Um relatório produzido por entidades brasileiras de defesa das mulheres e entregue à OEA (Organização dos Estados Americanos) em março deste ano aponta situações de abuso e violência contra presas em pelo menos cinco Estados. O Pará não foi citado na época.

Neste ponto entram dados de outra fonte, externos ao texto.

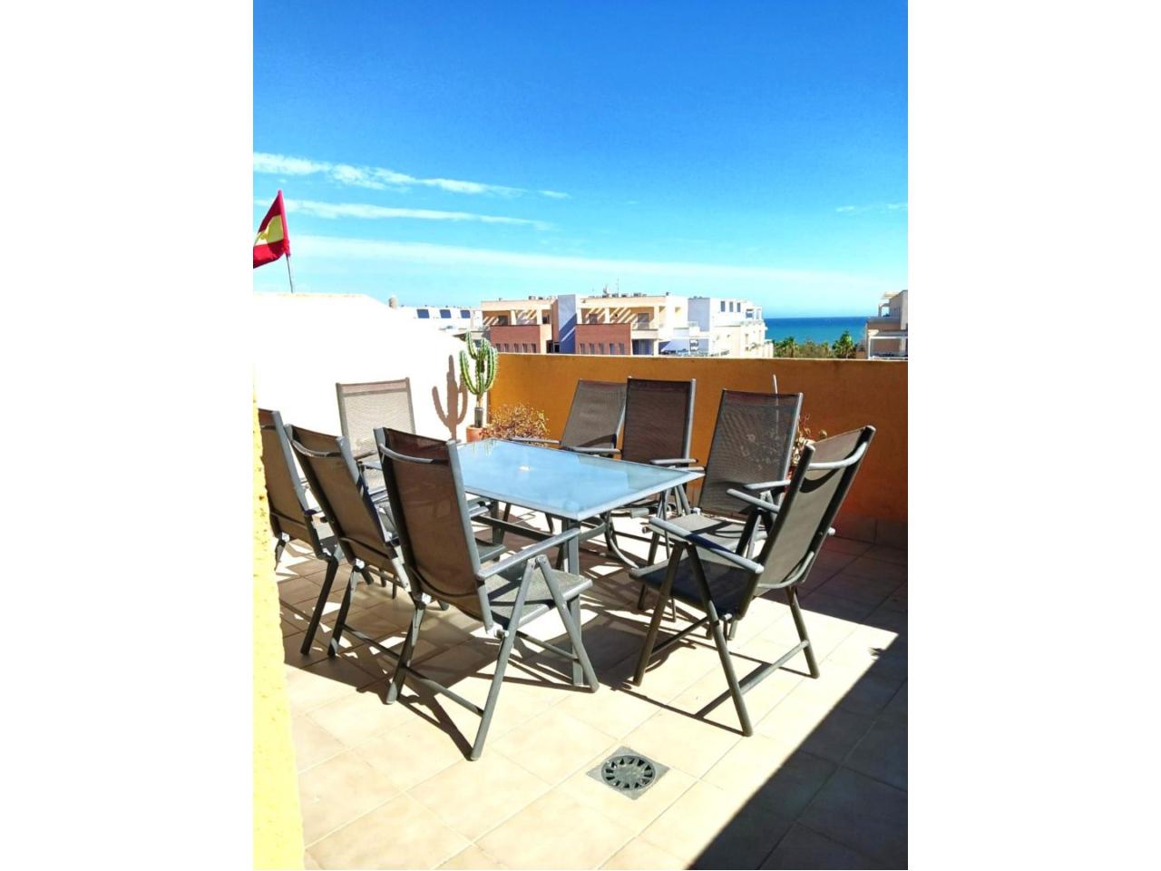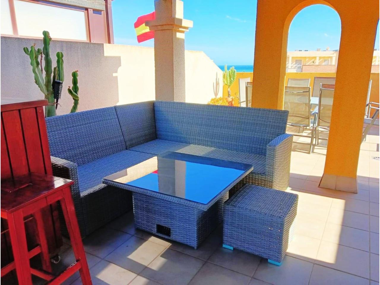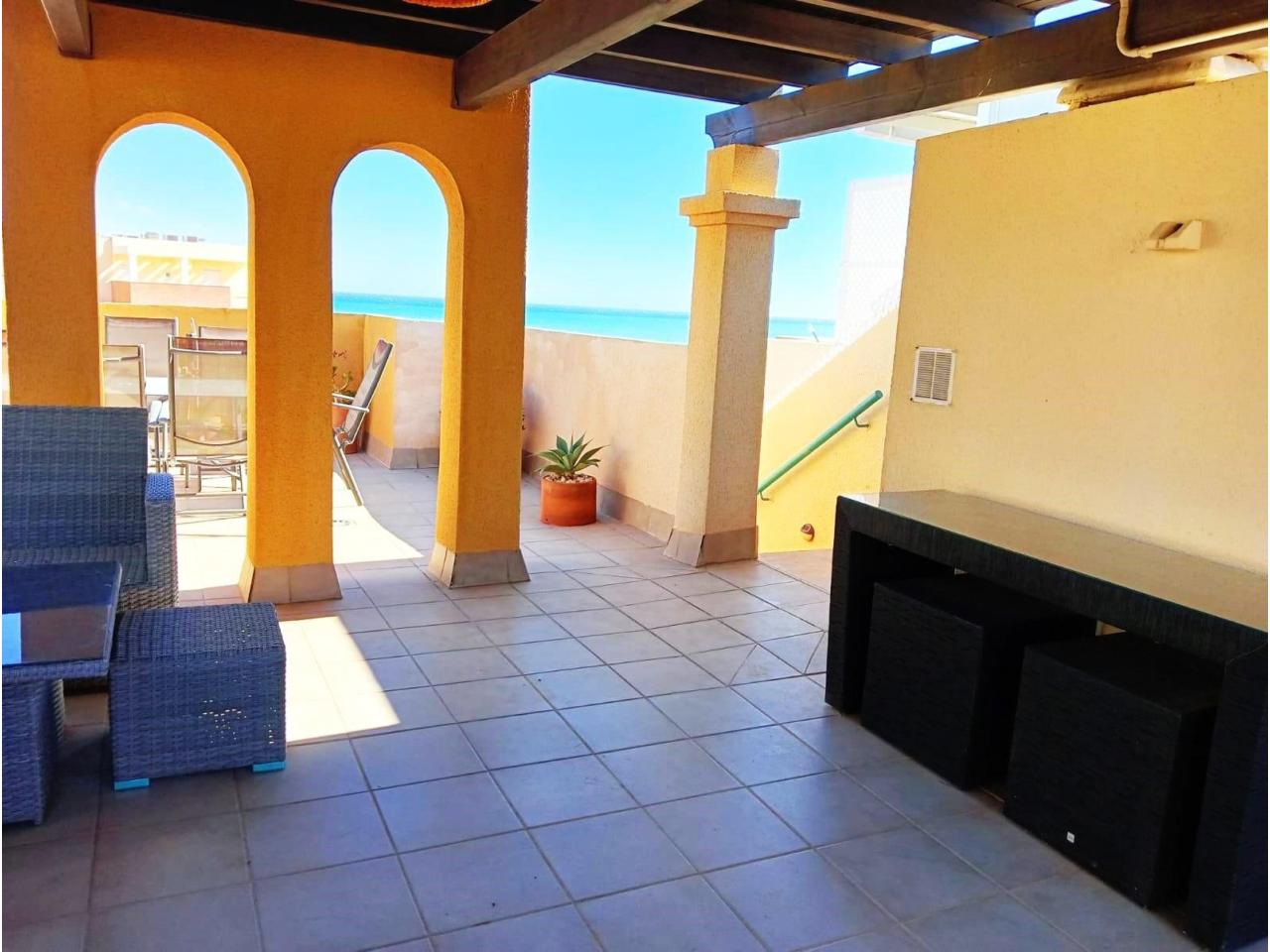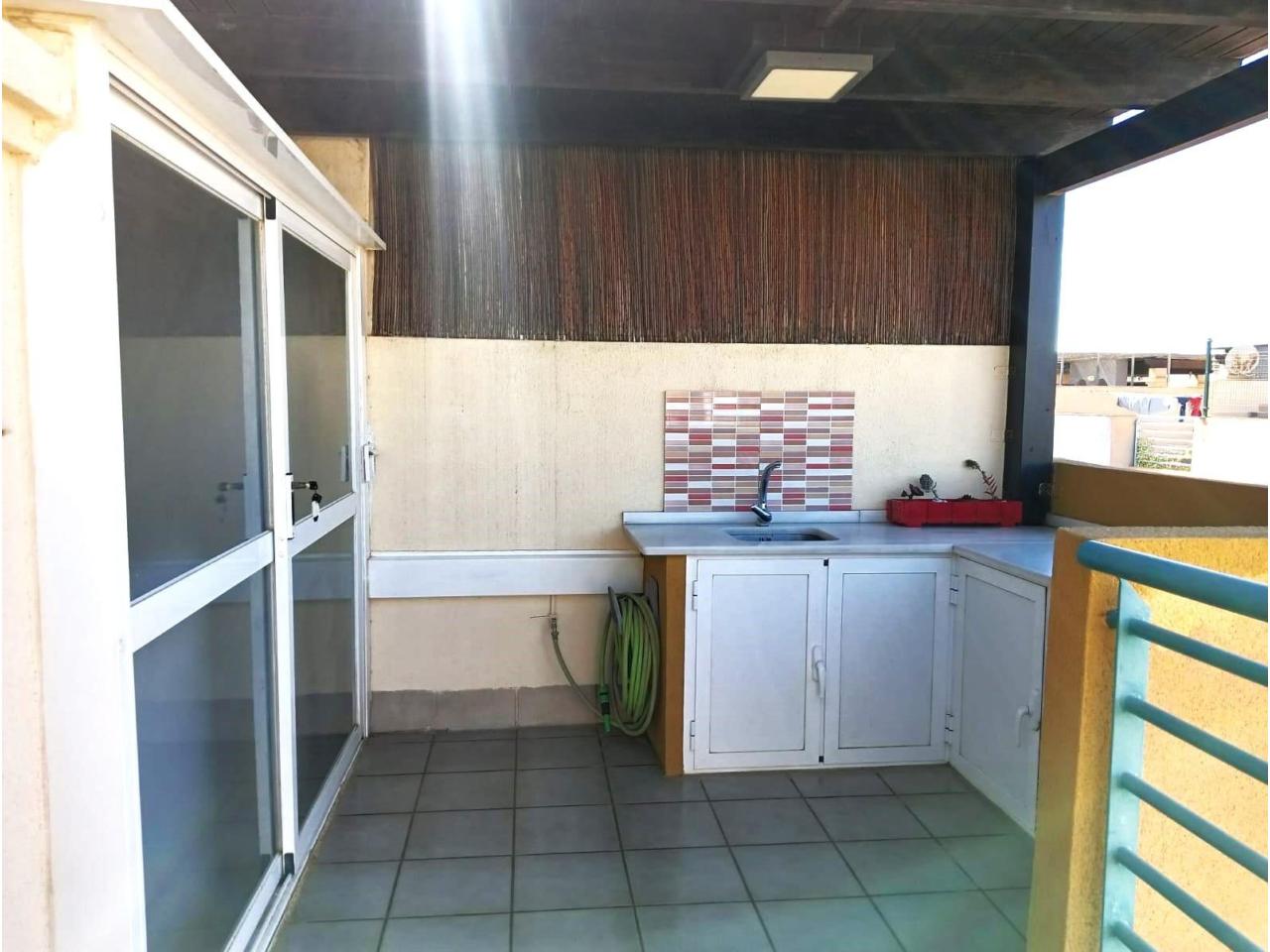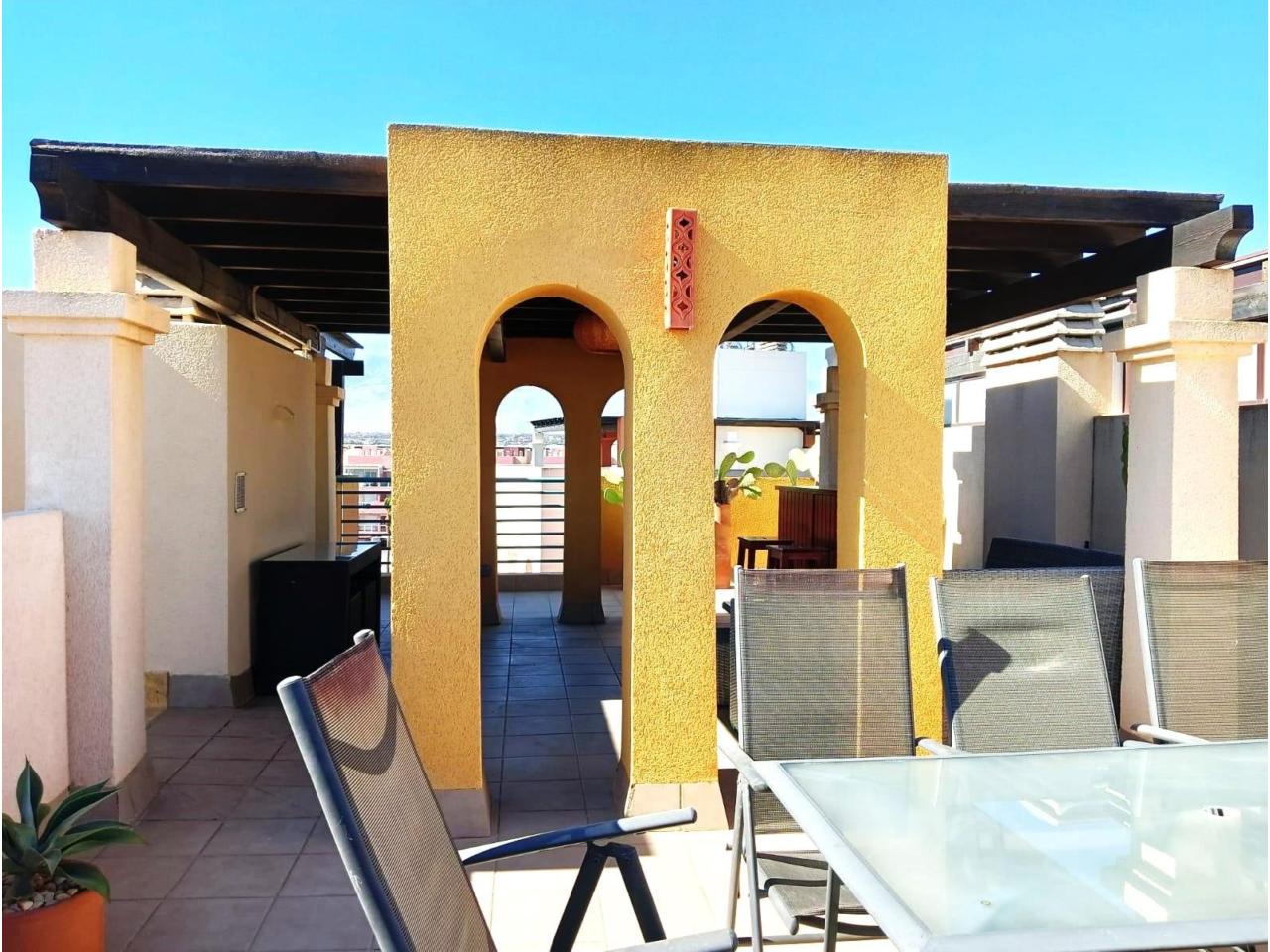 Desde la terraza principal, una escalera da acceso a un amplio solárium totalmente equipado con zona de barbacoa, barra, pérgola y mobiliario, ideal para relajarte o compartir momentos con familia y amigos.

No Rio Grande do Norte e na Bahia, as mulheres têm de dividir a cela com travestis e adolescentes homens. O documento relata que, em Mato Grosso do Sul, onde há uma cadeia mista na cidade de Amambai (porém com celas separadas por sexo), um funcionário manteve relações sexuais com uma presa dentro da cela, na presença de dez mulheres.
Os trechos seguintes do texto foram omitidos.